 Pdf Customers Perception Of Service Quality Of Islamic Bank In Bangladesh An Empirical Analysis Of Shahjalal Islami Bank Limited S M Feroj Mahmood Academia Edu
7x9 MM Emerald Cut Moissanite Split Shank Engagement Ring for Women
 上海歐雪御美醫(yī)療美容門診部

---

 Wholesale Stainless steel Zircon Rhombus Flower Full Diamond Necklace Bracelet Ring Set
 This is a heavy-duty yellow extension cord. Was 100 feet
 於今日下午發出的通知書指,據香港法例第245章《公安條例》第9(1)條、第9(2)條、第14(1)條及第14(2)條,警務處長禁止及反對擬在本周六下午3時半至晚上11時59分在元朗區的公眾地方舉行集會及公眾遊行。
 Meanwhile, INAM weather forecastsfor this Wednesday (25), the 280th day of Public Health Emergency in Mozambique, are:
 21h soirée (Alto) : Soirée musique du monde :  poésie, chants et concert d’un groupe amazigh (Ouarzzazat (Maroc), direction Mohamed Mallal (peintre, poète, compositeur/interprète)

...

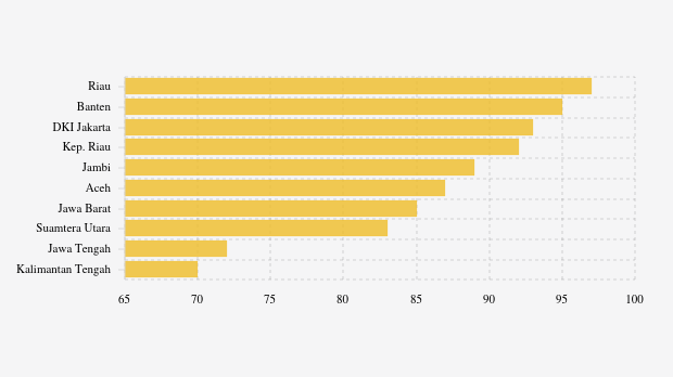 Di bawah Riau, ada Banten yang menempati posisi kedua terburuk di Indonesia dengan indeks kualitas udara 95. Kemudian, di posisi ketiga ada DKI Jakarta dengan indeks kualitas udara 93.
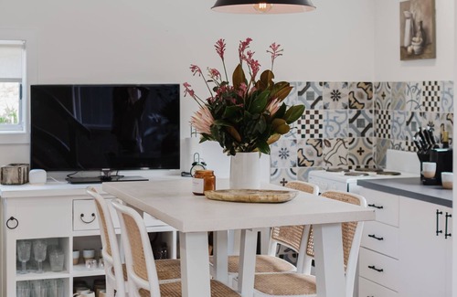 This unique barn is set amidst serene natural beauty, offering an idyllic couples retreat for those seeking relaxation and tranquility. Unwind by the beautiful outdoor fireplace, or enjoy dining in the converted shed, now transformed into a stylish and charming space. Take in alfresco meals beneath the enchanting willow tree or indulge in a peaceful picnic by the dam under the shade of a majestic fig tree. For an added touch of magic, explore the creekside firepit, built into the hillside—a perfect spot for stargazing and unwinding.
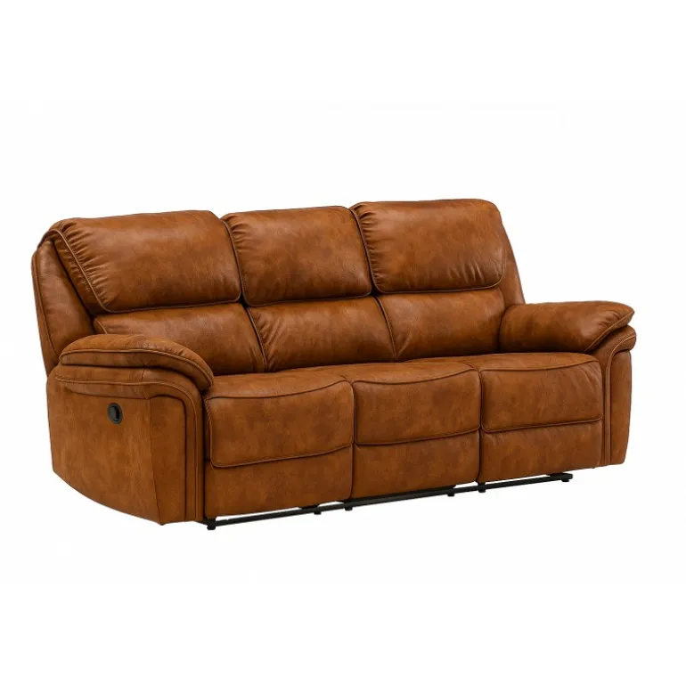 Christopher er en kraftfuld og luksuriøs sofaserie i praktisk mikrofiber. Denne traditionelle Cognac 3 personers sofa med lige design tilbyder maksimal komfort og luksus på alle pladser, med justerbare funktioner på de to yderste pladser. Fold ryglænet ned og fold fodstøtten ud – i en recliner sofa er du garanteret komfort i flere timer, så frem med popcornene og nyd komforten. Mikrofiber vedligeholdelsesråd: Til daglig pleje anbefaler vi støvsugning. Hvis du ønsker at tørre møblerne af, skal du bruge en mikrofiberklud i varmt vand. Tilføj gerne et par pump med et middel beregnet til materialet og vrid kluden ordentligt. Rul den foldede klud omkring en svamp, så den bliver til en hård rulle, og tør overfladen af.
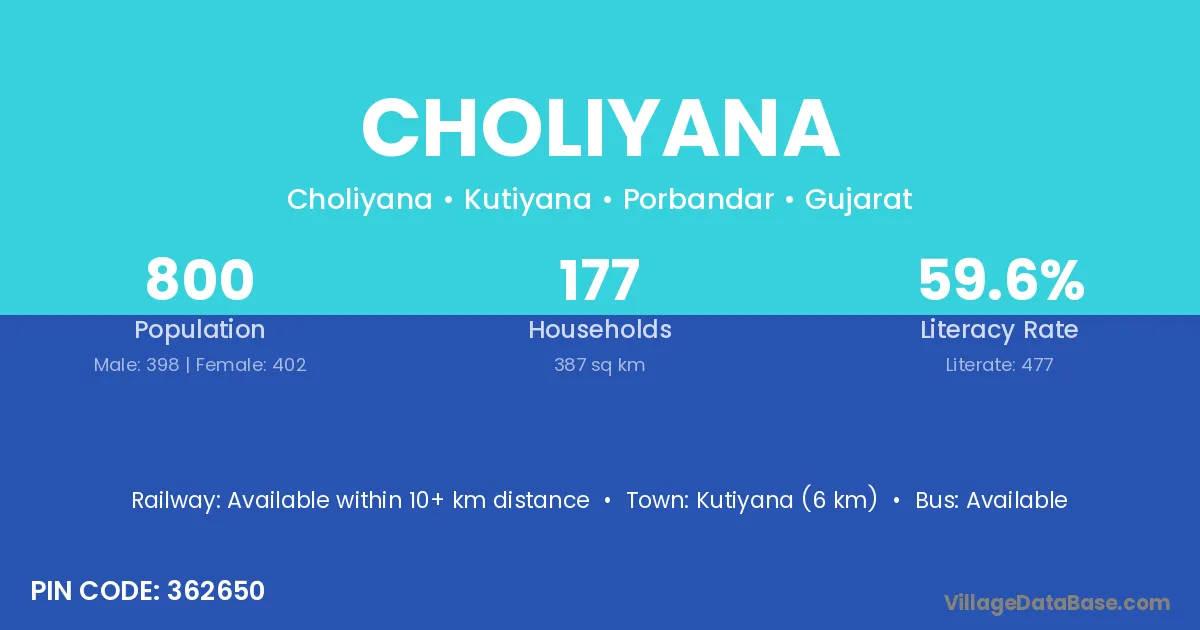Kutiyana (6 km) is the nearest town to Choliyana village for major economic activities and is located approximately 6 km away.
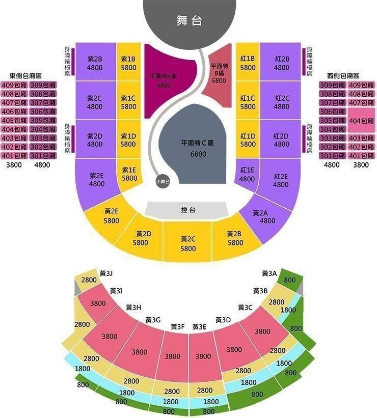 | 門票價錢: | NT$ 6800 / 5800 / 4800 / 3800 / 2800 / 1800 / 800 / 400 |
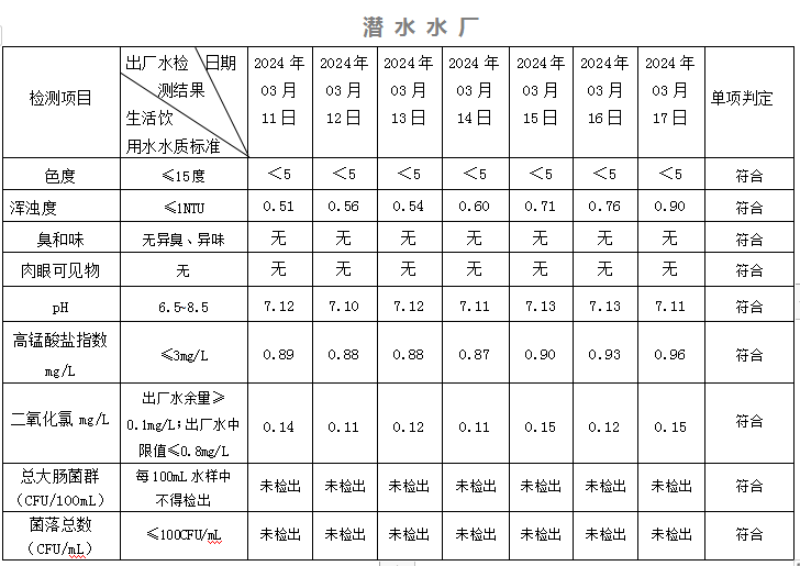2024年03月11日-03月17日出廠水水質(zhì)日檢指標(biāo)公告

▸ Task brief: Please transcribe exactly the part of the records that opens with the line containing "Christopher er en" and closes with the line containing "2024年03月11日-03月17日出廠水水質(zhì)日檢指標(biāo)公告", both ends included, and leave out the pictures.

▸ Expected answer:
 Christopher er en kraftfuld og luksuriøs sofaserie i praktisk mikrofiber. Denne traditionelle Cognac 3 personers sofa med lige design tilbyder maksimal komfort og luksus på alle pladser, med justerbare funktioner på de to yderste pladser. Fold ryglænet ned og fold fodstøtten ud – i en recliner sofa er du garanteret komfort i flere timer, så frem med popcornene og nyd komforten. Mikrofiber vedligeholdelsesråd: Til daglig pleje anbefaler vi støvsugning. Hvis du ønsker at tørre møblerne af, skal du bruge en mikrofiberklud i varmt vand. Tilføj gerne et par pump med et middel beregnet til materialet og vrid kluden ordentligt. Rul den foldede klud omkring en svamp, så den bliver til en hård rulle, og tør overfladen af.
Kutiyana (6 km) is the nearest town to Choliyana village for major economic activities and is located approximately 6 km away.
 | 門票價錢: | NT$ 6800 / 5800 / 4800 / 3800 / 2800 / 1800 / 800 / 400 |
2024年03月11日-03月17日出廠水水質(zhì)日檢指標(biāo)公告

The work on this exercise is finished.